_Your goal:_
Having located the line with "3年生 国語科の学習(書き初め)の様子です。 公開日", repeat it and all remaining lines of the records exactly. Pictures do not belong in the answer.

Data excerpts
====================

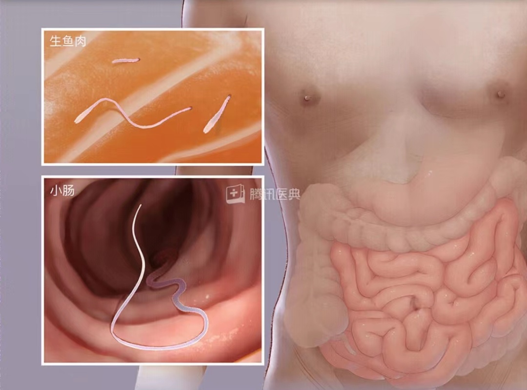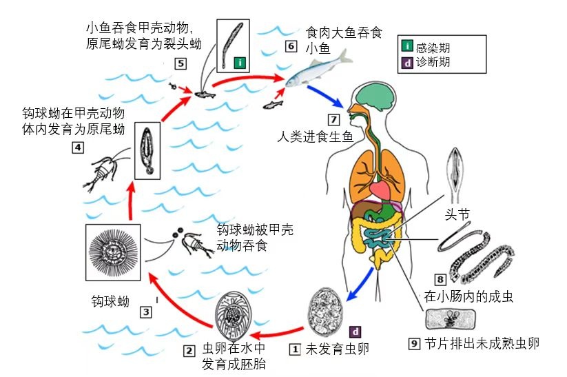 “生鱼生虾这类水产品最容易感染阔节裂头绦虫。”邢医生解释,“阔节裂头绦虫感染,就是一条大鱼吃小鱼的生物链过程。”
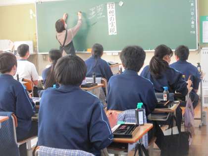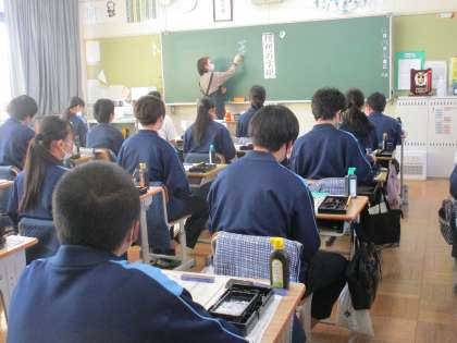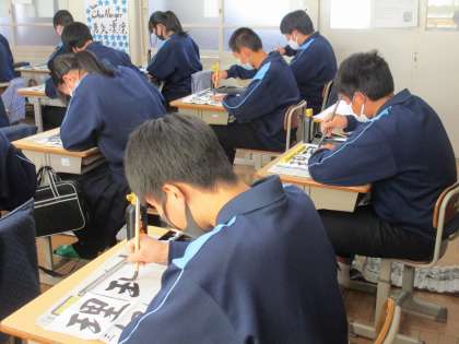 3年生 国語科の学習(書き初め)の様子です。 公開日 2022/12/14 更新日 2022/12/14 教育活動の様子 3年生は、「理想の実現」を書きます。 五文字の大きさのバランスをとるのが難しい ですね。そして、漢字と平仮名「の」が、 どういう大きさで書くのか、美しい比率を 考えて書いてください。
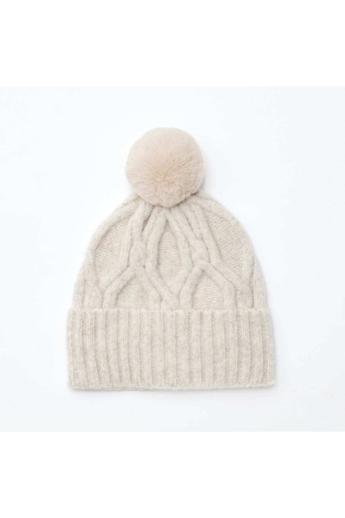KIABI قبعة صوفية مضلعة متينة مزينة بكرة صوفية، لون بيج
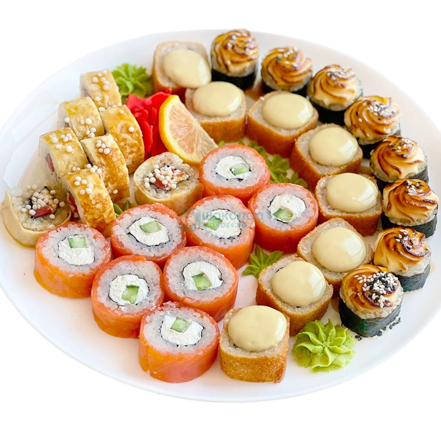 Копченый лосось копченый, сыр Филадельфия, огурец или авокадо
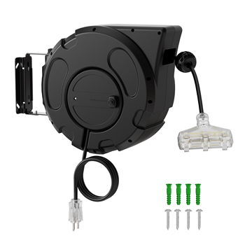 Chúng tôi ổ cắm nhiệm vụ nặng nề xoay tự động tua lại treo dây mở rộng điện 3 ổ cắm cáp có thể thu vào Reel với ngắt mạch
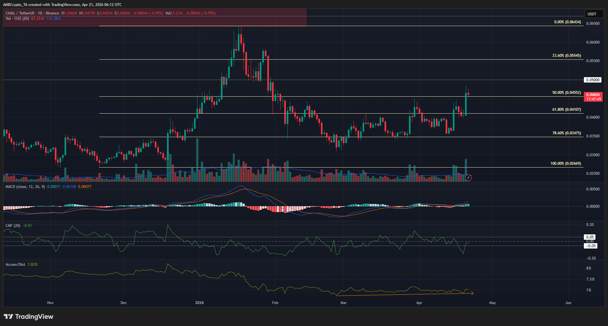 From a price action standpoint, Chiliz had a healthy outlook on the higher timeframes. The rally in January reached $0.064 and spent the next two months retracing these gains. Since March, the bearish tides have been stemmed.
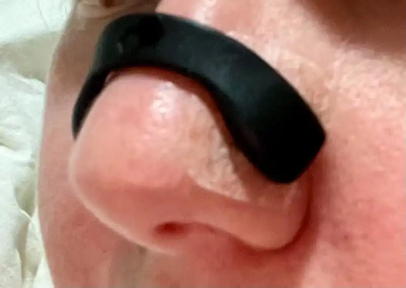 - Use the magnetic applicator to place the adhesive tabs on each side of your nose.

====================

_Result for this task:_
 3年生 国語科の学習(書き初め)の様子です。 公開日 2022/12/14 更新日 2022/12/14 教育活動の様子 3年生は、「理想の実現」を書きます。 五文字の大きさのバランスをとるのが難しい ですね。そして、漢字と平仮名「の」が、 どういう大きさで書くのか、美しい比率を 考えて書いてください。
KIABI قبعة صوفية مضلعة متينة مزينة بكرة صوفية، لون بيج
 Копченый лосось копченый, сыр Филадельфия, огурец или авокадо
 Chúng tôi ổ cắm nhiệm vụ nặng nề xoay tự động tua lại treo dây mở rộng điện 3 ổ cắm cáp có thể thu vào Reel với ngắt mạch
 From a price action standpoint, Chiliz had a healthy outlook on the higher timeframes. The rally in January reached $0.064 and spent the next two months retracing these gains. Since March, the bearish tides have been stemmed.
 - Use the magnetic applicator to place the adhesive tabs on each side of your nose.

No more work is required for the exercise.